Her death during an expedition (within a Japanese military bunker in Inner Mongolia) to find the mythical Equinox Flower has haunted both men for different reasons. Hu lost a true love, and Wang lost a representation of the purity of the revolution. Hu has moved on to a certain degree (the opening "It was just a dream" sequence suggests he hasn't entirely), having slept with Shirley at one point before becoming uncertain of having a relationship with her. Wang, however, still holds Ding in his heart, and it has a lot more to do with his political leanings than whatever feelings he might have had about her.

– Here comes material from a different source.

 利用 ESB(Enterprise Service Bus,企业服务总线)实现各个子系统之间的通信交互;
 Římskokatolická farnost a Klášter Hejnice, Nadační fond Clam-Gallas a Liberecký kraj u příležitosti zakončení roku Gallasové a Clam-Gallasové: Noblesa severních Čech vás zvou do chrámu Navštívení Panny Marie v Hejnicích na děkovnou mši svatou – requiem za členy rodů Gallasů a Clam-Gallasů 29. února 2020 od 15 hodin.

The point becomes clear: Times, attitudes and international economic relations have changed, leading China away from the country's supposed glory days. Now, it's up to these characters to reconcile the new way of things with their yearning for the past. It is unclear what this through line is doing in a movie that, at its heart, wants to be a rousing adventure through an ancient tomb filled with booby traps, rickety old bridges, towering rock formations, mazes, puzzles and an army of undead warriors. One can't help but feel the arm of propaganda reaching out through Zhang Jia Lu's screenplay (based on the novel "Ghost Blows Out the Light" by Tian Xia Ba Chang).
The villains here are agents for a multinational mining corporation that doubles as a front for a religious cult led by the company's president (Liu Xiao Qing), who wants the Equinox Flower to save the world from an unspecified disaster. The company enlists Wang to find the tomb, located somewhere in Inner Mongolia, and he's joined by obnoxious comic relief in the form of Grill (Xia Yu), an antiques hustler who constantly whines and moans. Later, Hu and Shirley arrive to aid their comrade.

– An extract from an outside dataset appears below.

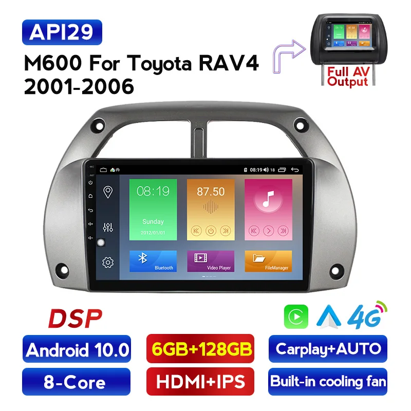 Автомобильный радиоприемник IPS + HDMI Blutooth для Toyota RAV4, мультимедийный видеоплеер, навигация GPS, Android 10, 2DIN, годы выпуска 2001, 2002, 2003 - 2006
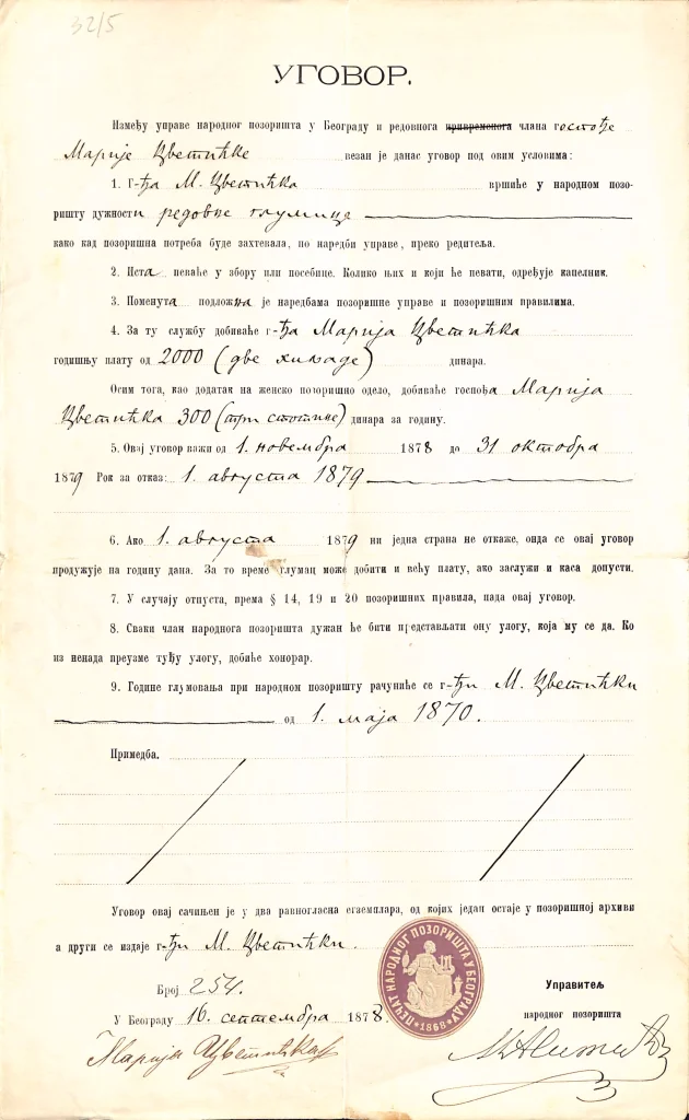 Збирку архивских докумената чине административна акта која се односе углавном на Народно позориште у Београду, документа везана за историју српског позоришта, лична документа глумаца, редитеља, оперских певача, диригената, композитора, балетских играча и осталих уметника. Грађу чине оригинали, уз минимални проценат копија/фотокопија. Највећи број докумената датира из друге половине XIX века (најстарији значајни документ је из 1851 – Акт Народног позоришта Попечитељству Просвешћенија у којем се тражи одобрење за подизање позоришне зграде), остала грађа је из периода до почетка Другог светског рата, док је веома мали број докумената из каснијег периода.

The movie's adventure beats are familiar before becoming chaotic, and director Wuershan and cinematographer Jake Pollock don't do the sequences any favors with the movie's sickly blue-gray color palette. Scenes of potential tension, such as the group navigating a path of hanging bridges connecting pillars of stone, quickly turn to ones of much destruction, featuring unimpressive visual effects (aspect ratio shifts during these sequences let us know Wuershan prizes spectacle over coherence). A few fight scenes with zombies are equally frantic and unintelligible.
By the climax, though, it has become clear that the movie's primary intentions rest with those flashbacks and what the story within them represents on a political level. "Mojin: The Lost Legend" is equal parts shabby and discomforting.